"To be very prosaic, then, how do you sense the 'turnover' or change in energy level of the lone electron of a hydrogen atom in interstellar space?"
"By deduction from whatever type of recording is made from a radiotelescope."
"You have no physical nerve endings to sense this directly?"
"Of course not."
"But you are quite sure, nevertheless, that so gross a creature as man may be aware of so slight an emission of energy?"
"Yes."
"And that what man can be aware of, God is also aware of?"
"It follows, if God is aware at all."
"If there is a God, then, there wouldn't be much chance that He didn't know about such gross creatures as the men of the Phoenix? Excuse me ... I've gone far afield. You said the radiotelescope.
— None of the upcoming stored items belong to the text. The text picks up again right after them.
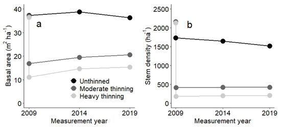 Neumann, M.; Hasenauer, H. Thinning Response and Potential Basal Area—A Case Study in a Mixed Sub-Humid Low-Elevation Oak-Hornbeam Forest. Forests 2021, 12, 1354. https://doi.org/10.3390/f12101354
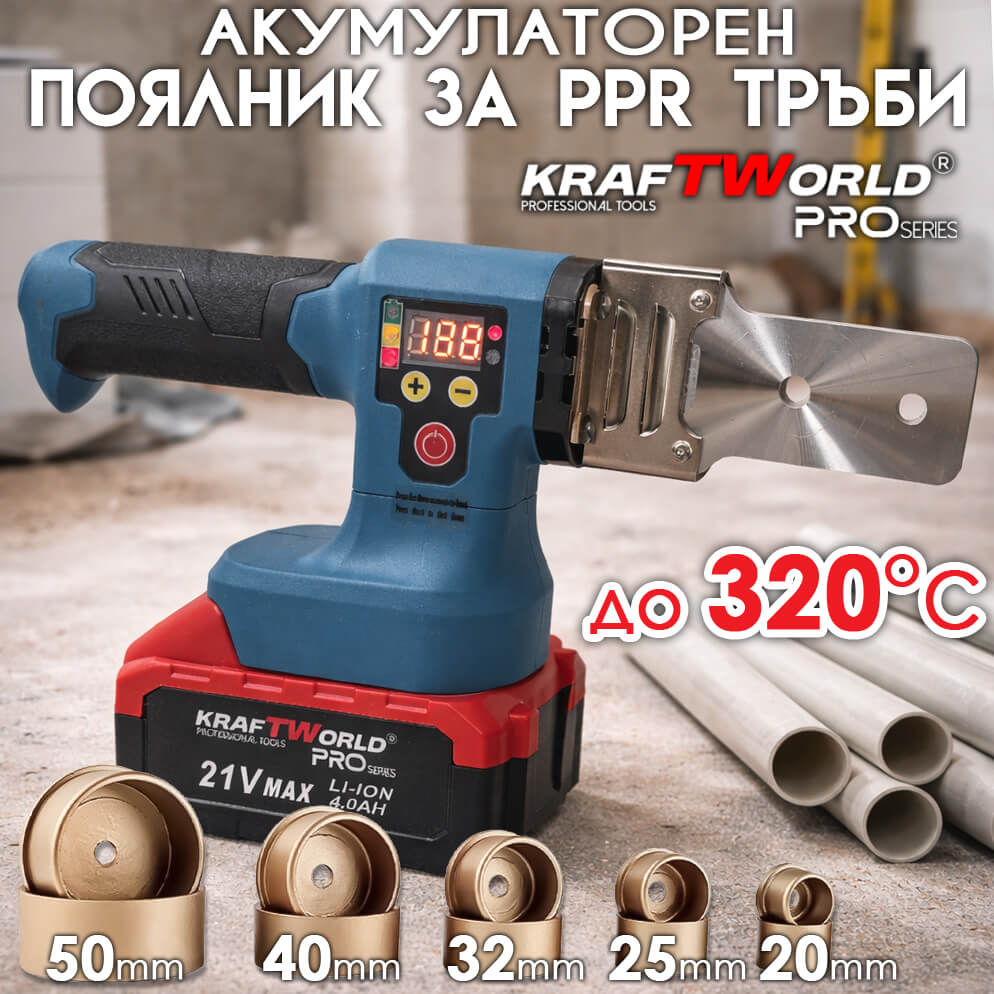 Акумулаторният поялник / лепачка за ППР тръби KraftWorld 21V с дисплей е модерен и практичен инструмент за бързо, точно и сигурно лепене на полипропиленови тръби 🔧🔥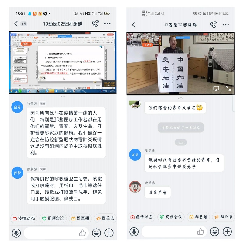本周团课各团支部均以直播的形式开展。首先,由各班主持人介绍当前的疫情形势,在党中央的坚强领导和全国人民的众志成城、共同抗疫的坚定决心下,我国疫情防控形势趋于稳定,但风险依然存在,防控警惕性不可降低,必须持续抓好疫情常态化防控工作,绝不能掉以轻心。接着,同学们共同学习了关于《习近平与大学生朋友们》系列专题报道,各班主持人引导同学们对部分报道进行研读,交流感想。大家纷纷表示,要认真向习近平总书记学习,不断从总书记与大学生朋友们的生动故事中汲取政治营养,激发奋斗精神,凝聚前进力量。最后,针对本周青年大学习主题进行拓展学习,了解到党中央坚持以公有制为主体,把社会主义制度和市场经济制度有机结合起来的优势,增强了团员青年的制度自信和道路自信。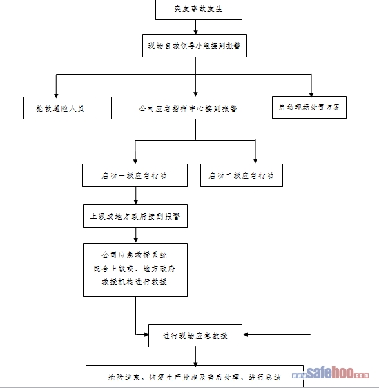 4.1.3當事故有擴大趨勢時,應急自救組長向公司應急救援指揮中心申請啟動應急預案,及時與地方政府、應急救援隊伍、公安、消防、醫(yī)院等相關(guān)部門取得聯(lián)系,確保24小時聯(lián)絡暢通,聯(lián)絡方式采用電話、傳真、電子郵件等。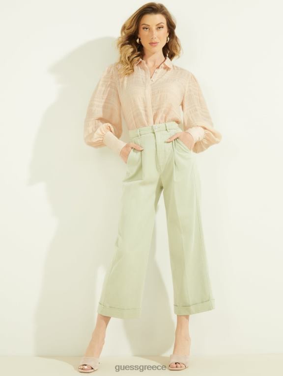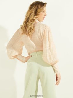 GUESS γυναίκες ραβ τσαλακωμένο πάνω κρέμα κακάο πολυ ενδύματα J46DJ1645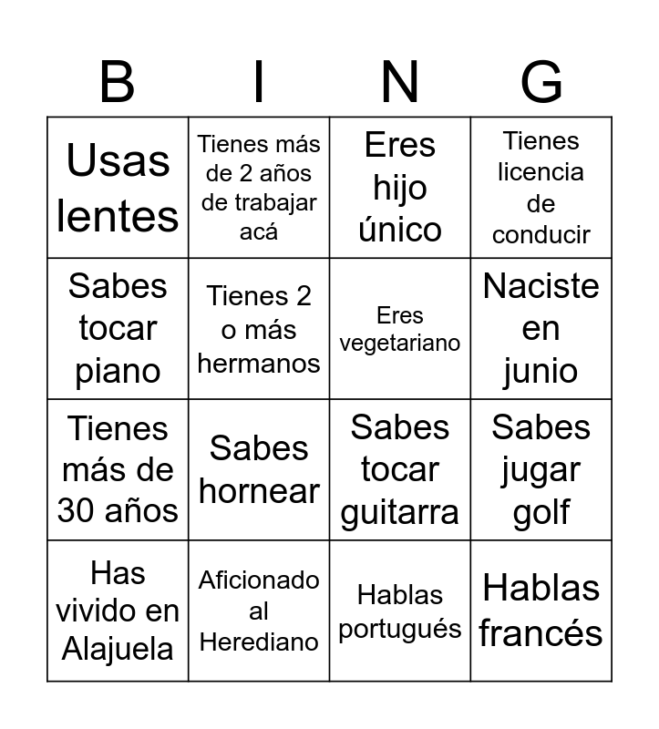 This bingo card has 16 words: Aficionado al Herediano, Sabes jugar golf, Eres hijo único, Usas lentes, Tienes más de 30 años, Tienes más de 2 años de trabajar acá, Sabes tocar guitarra, Hablas portugués, Sabes tocar piano, Tienes 2 o más hermanos, Has vivido en Alajuela, Tienes licencia de conducir, Sabes hornear, Naciste en junio, Eres vegetariano and Hablas francés.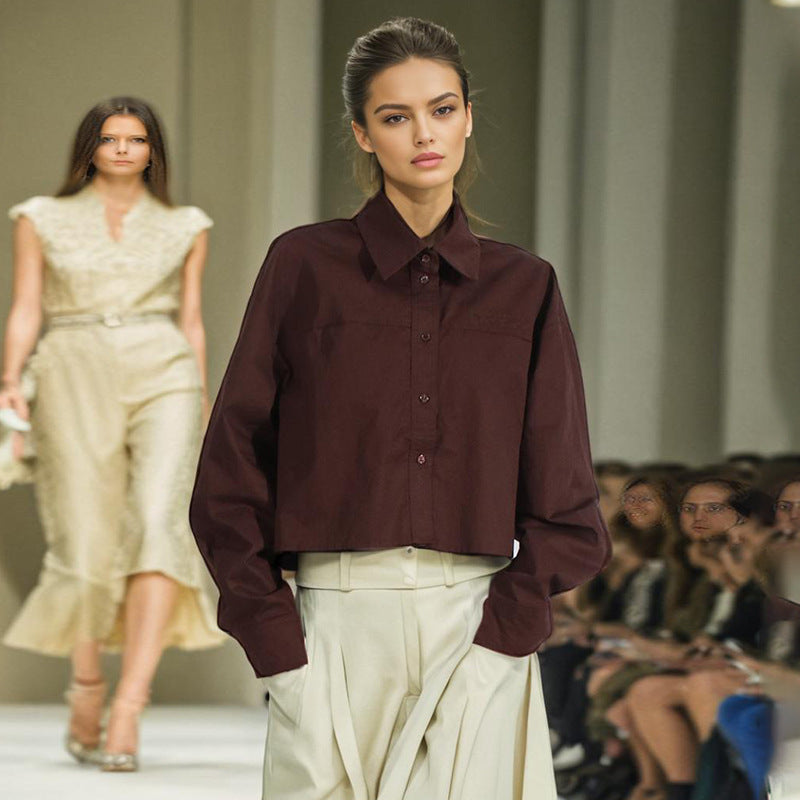 Minimalist style women's casual loose solid color long sleeved short shirt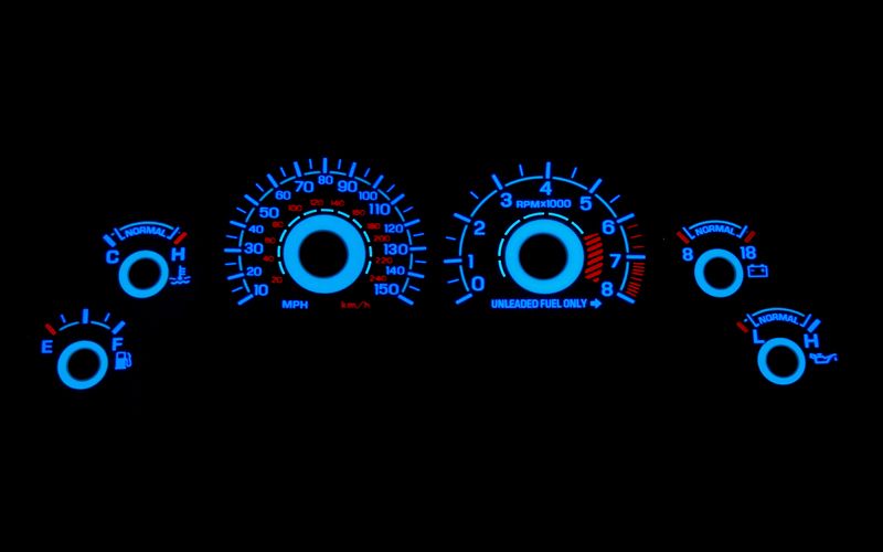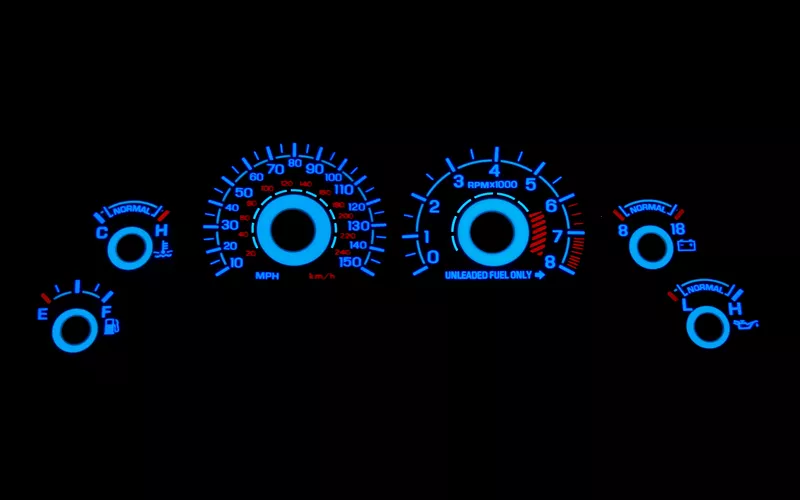 Easy to Read. By day the gauge face is white with crisp clean markings, but by night the numbers glow bright blue, making these gauges distinctive and easy to read.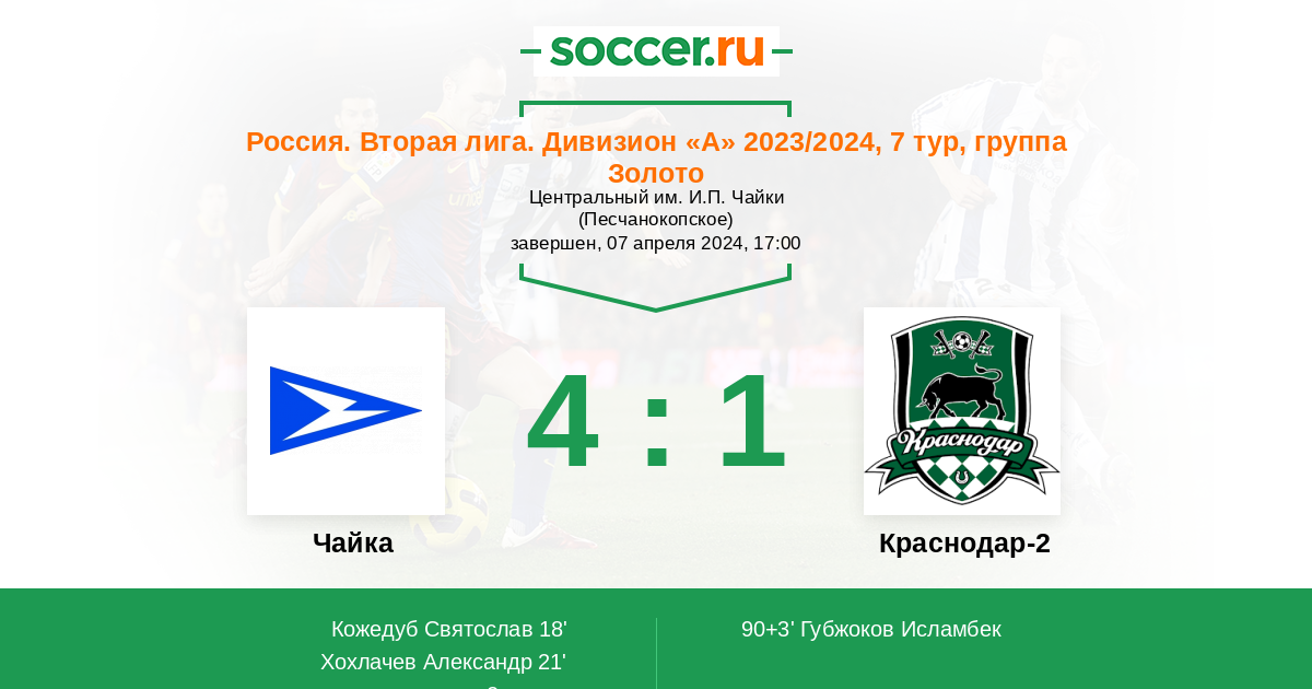 Протокол матча Чайка против Краснодар-2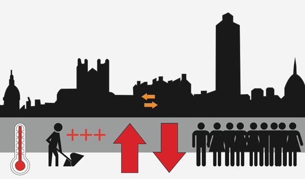 L’espace souterrain a longtemps été délaissé, notamment en raison de l’image négative qu’il renvoie. Symbole de l’enfer pour les uns, espace sacré interdit pour les autres, notre sous-sol est un lieu qui inspire les croyances. Aujourd’hui, on a tendance à enfouir ce qui ne doit pas encombrer la ville, comme les réseaux de transports ou les parkings, faisant de certaines villes de véritables gruyères. Et pourtant, nos sous-sols regorgent de qualités non négligeables pour bâtir des villes durables. A l’heure du catastrophisme ambiant, l’espace souterrain constitue une enveloppe protectrice de choix, plus propice à résister aux catastrophes : abri contre les tremblements de terre, contre les variations du climat (la géothermie permettant d’avoir une température constante), etc. Dans une ville durable qui par définition devra être résiliente, un retour vers les entrailles de la terre semble donc inévitable. Et les qualités de cet espace ne s’arrêtent pas là : pas besoin d’aller bien loin pour le trouver, le sous-sol est présent partout, il suffit de creuser !

Well, a few other doctors and I have been working on an instrument to measure cellular action currents—in living cells, of course; and I had added an auxiliary component which was supposed to find out what became of certain suspected possible energy emissions not accounted for or required by chemical processes in the cell. Where there's smoke there's fire, you know ... and where there's energy there's apt to be more energy. And here was a nice piece of fresh dying tissue in beautiful condition.
"I put a tiny sliver into the infrascope just as a young child will put anything that comes his way into his mouth for analysis ... and I saw the scintillations on the plate which I knew signalled the ascent of the souls of the cells, the binding energies ... one flash for each dying cell body ... calculated later ... one quantum of binding energy, one soul!"